▸ **What is required**
Leaving out all pictures, return exactly the lines from the one that contains "Кросс-бордерное украшение для" through the end of the data below.

[Stored items]
########
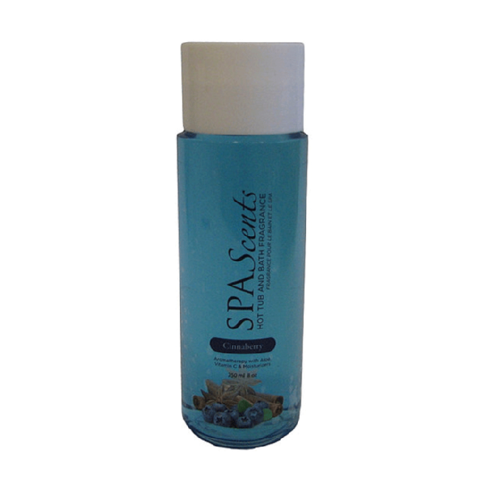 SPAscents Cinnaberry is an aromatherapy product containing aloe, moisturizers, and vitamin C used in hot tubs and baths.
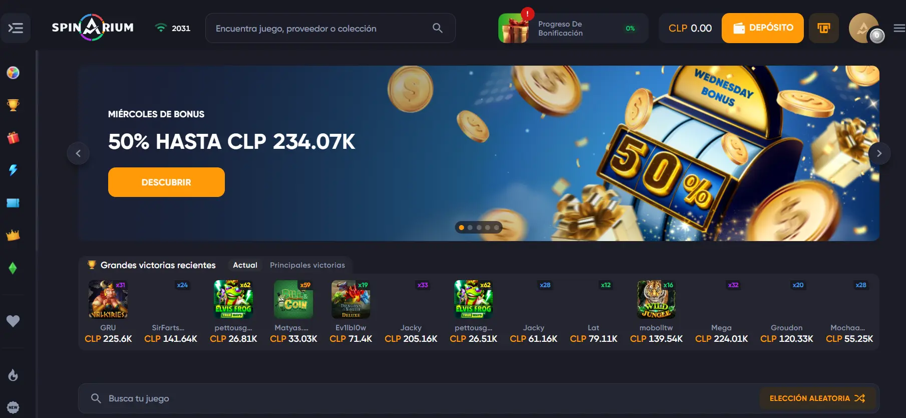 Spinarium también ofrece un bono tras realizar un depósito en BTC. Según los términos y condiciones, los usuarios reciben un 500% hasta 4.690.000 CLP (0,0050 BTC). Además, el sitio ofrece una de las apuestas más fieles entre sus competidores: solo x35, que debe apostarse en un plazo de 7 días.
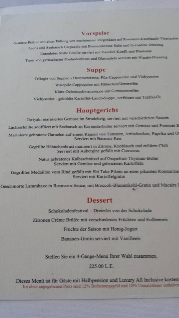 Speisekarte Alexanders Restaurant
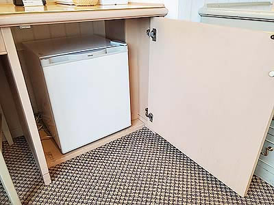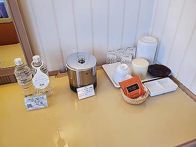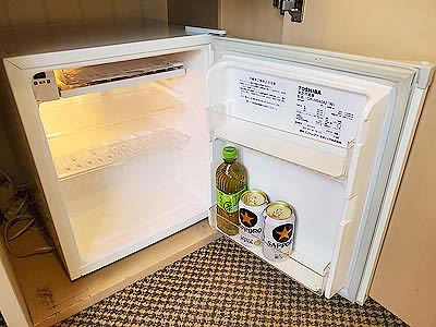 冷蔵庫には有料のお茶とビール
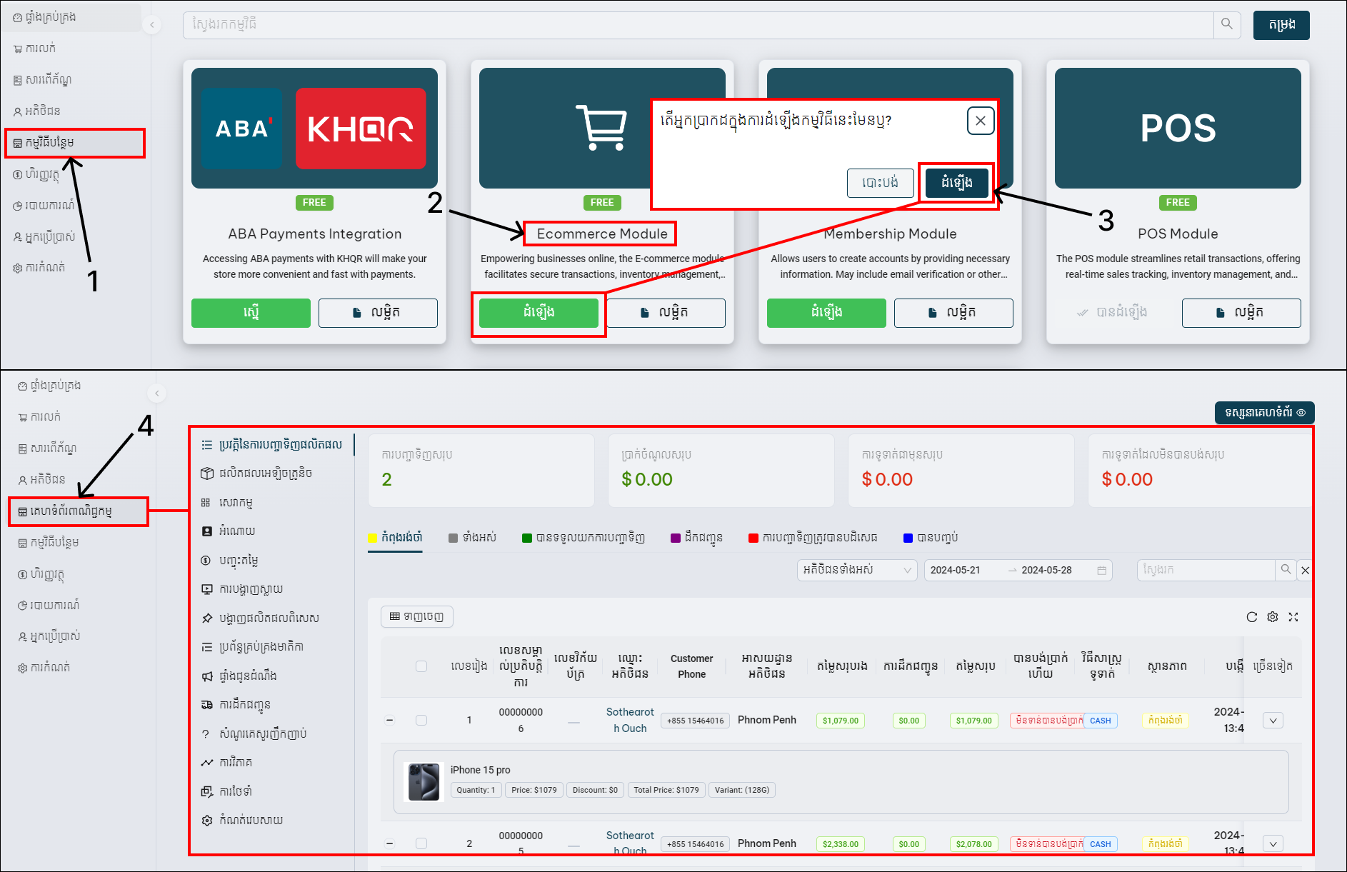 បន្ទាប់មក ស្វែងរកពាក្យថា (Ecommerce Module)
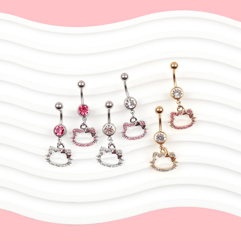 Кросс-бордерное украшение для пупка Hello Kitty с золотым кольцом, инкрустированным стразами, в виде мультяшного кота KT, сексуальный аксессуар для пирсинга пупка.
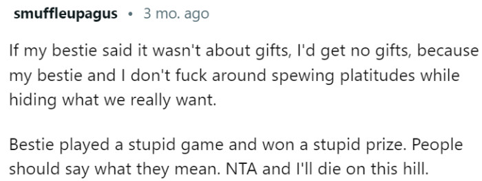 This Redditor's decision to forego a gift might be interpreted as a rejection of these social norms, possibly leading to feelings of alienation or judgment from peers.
########
▸ **Response below**
 Кросс-бордерное украшение для пупка Hello Kitty с золотым кольцом, инкрустированным стразами, в виде мультяшного кота KT, сексуальный аксессуар для пирсинга пупка.
 This Redditor's decision to forego a gift might be interpreted as a rejection of these social norms, possibly leading to feelings of alienation or judgment from peers.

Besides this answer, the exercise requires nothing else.